▸ **EXERCISE**:
Print out each entry without alteration, and keep the pictures out.
━━━━━ DATA FOR THIS EXERCISE ━━━━━
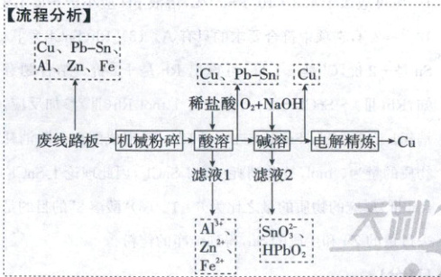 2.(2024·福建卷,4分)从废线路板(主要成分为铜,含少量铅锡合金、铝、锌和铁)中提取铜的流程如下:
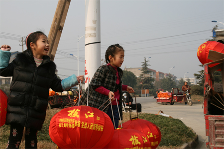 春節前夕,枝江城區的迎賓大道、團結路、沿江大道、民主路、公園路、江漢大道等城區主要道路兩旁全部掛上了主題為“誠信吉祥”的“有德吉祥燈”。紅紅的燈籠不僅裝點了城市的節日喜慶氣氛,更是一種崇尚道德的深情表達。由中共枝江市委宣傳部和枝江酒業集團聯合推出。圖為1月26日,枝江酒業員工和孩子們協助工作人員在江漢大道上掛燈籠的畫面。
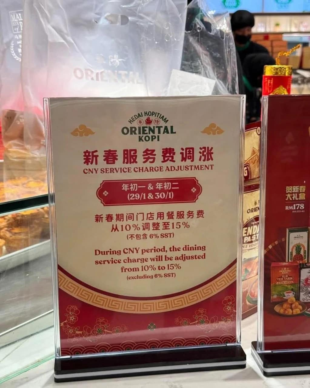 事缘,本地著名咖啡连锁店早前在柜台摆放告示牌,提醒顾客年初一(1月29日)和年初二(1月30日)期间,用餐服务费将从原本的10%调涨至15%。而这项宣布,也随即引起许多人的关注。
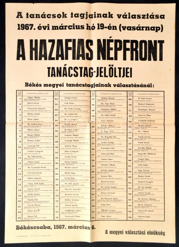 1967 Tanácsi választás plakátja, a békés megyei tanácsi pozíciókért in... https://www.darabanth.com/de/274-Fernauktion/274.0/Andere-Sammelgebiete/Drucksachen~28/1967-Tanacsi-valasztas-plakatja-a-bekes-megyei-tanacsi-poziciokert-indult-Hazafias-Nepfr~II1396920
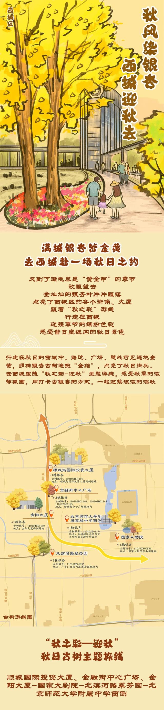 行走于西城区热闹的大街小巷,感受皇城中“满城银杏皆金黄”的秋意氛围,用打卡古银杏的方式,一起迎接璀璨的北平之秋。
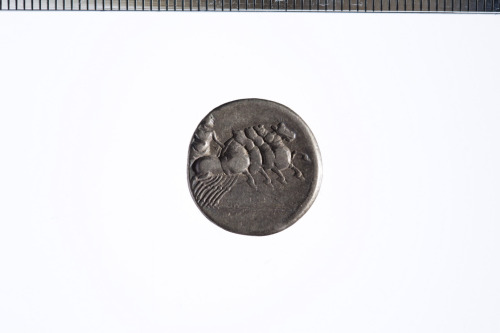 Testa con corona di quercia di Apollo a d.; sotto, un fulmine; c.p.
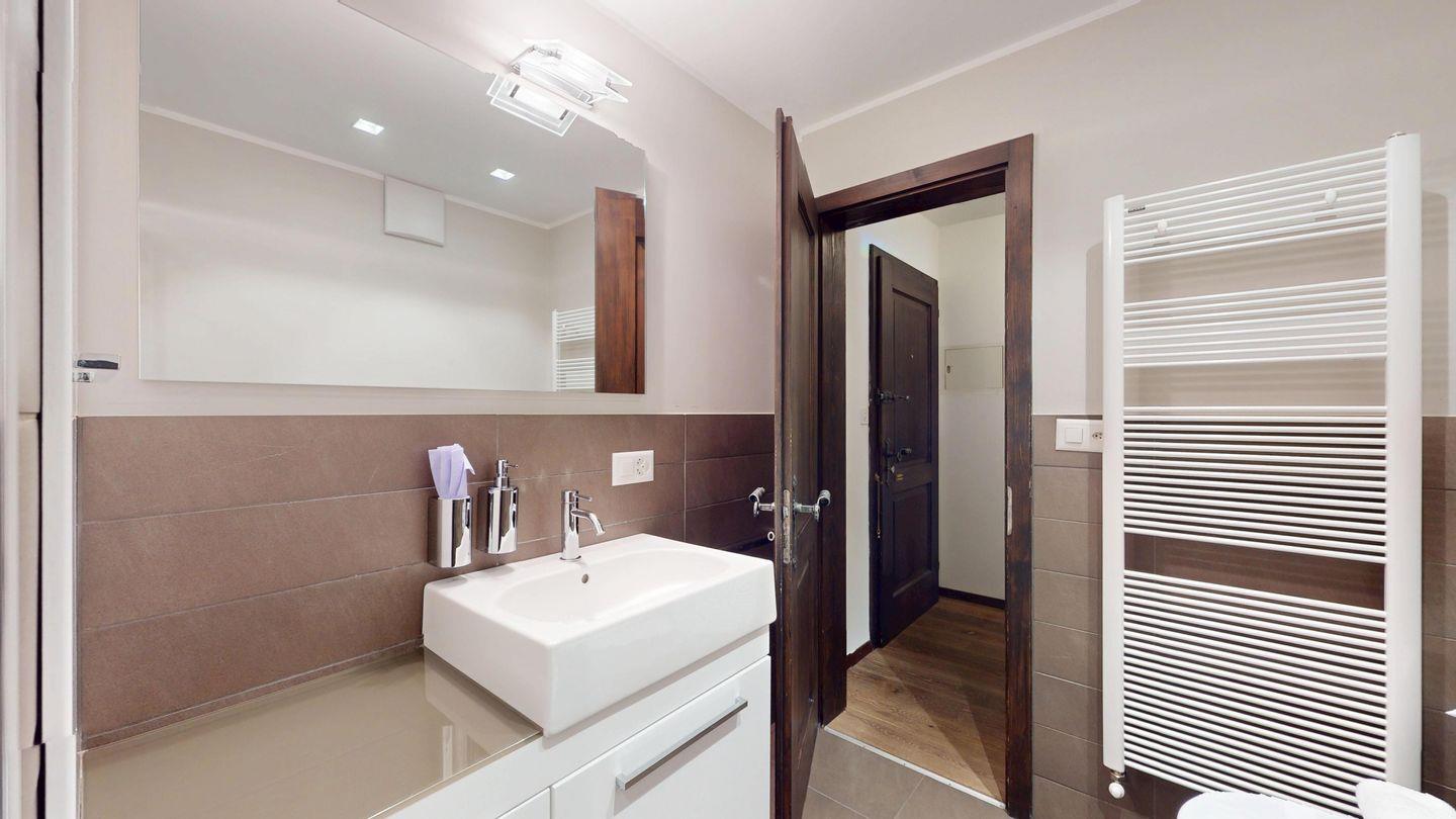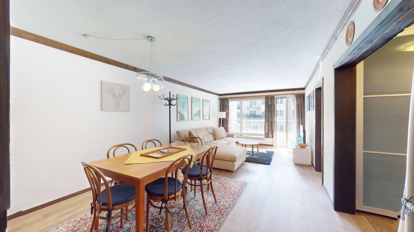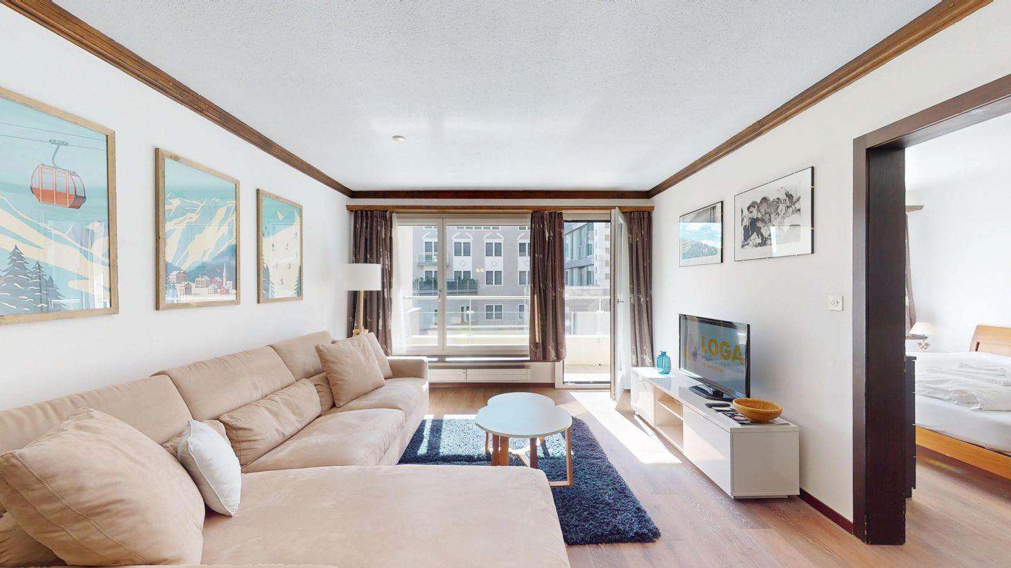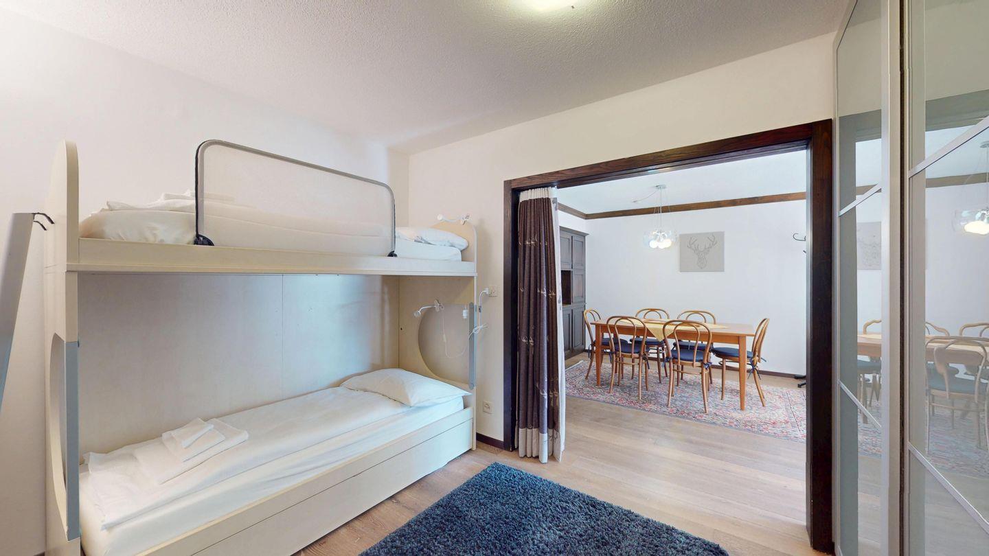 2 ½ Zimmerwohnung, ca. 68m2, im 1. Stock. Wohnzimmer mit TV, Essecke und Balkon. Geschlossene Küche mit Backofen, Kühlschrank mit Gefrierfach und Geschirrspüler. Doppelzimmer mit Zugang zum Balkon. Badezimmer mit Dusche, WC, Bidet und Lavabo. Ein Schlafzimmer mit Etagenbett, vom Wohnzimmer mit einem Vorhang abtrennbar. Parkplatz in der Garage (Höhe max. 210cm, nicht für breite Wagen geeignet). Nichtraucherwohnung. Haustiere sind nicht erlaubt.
━━━━━
▸ **RESULT OF THE EXERCISE**:
 2.(2024·福建卷,4分)从废线路板(主要成分为铜,含少量铅锡合金、铝、锌和铁)中提取铜的流程如下:
 春節前夕,枝江城區的迎賓大道、團結路、沿江大道、民主路、公園路、江漢大道等城區主要道路兩旁全部掛上了主題為“誠信吉祥”的“有德吉祥燈”。紅紅的燈籠不僅裝點了城市的節日喜慶氣氛,更是一種崇尚道德的深情表達。由中共枝江市委宣傳部和枝江酒業集團聯合推出。圖為1月26日,枝江酒業員工和孩子們協助工作人員在江漢大道上掛燈籠的畫面。
 事缘,本地著名咖啡连锁店早前在柜台摆放告示牌,提醒顾客年初一(1月29日)和年初二(1月30日)期间,用餐服务费将从原本的10%调涨至15%。而这项宣布,也随即引起许多人的关注。
 1967 Tanácsi választás plakátja, a békés megyei tanácsi pozíciókért in... https://www.darabanth.com/de/274-Fernauktion/274.0/Andere-Sammelgebiete/Drucksachen~28/1967-Tanacsi-valasztas-plakatja-a-bekes-megyei-tanacsi-poziciokert-indult-Hazafias-Nepfr~II1396920
 行走于西城区热闹的大街小巷,感受皇城中“满城银杏皆金黄”的秋意氛围,用打卡古银杏的方式,一起迎接璀璨的北平之秋。
 Testa con corona di quercia di Apollo a d.; sotto, un fulmine; c.p.
 2 ½ Zimmerwohnung, ca. 68m2, im 1. Stock. Wohnzimmer mit TV, Essecke und Balkon. Geschlossene Küche mit Backofen, Kühlschrank mit Gefrierfach und Geschirrspüler. Doppelzimmer mit Zugang zum Balkon. Badezimmer mit Dusche, WC, Bidet und Lavabo. Ein Schlafzimmer mit Etagenbett, vom Wohnzimmer mit einem Vorhang abtrennbar. Parkplatz in der Garage (Höhe max. 210cm, nicht für breite Wagen geeignet). Nichtraucherwohnung. Haustiere sind nicht erlaubt.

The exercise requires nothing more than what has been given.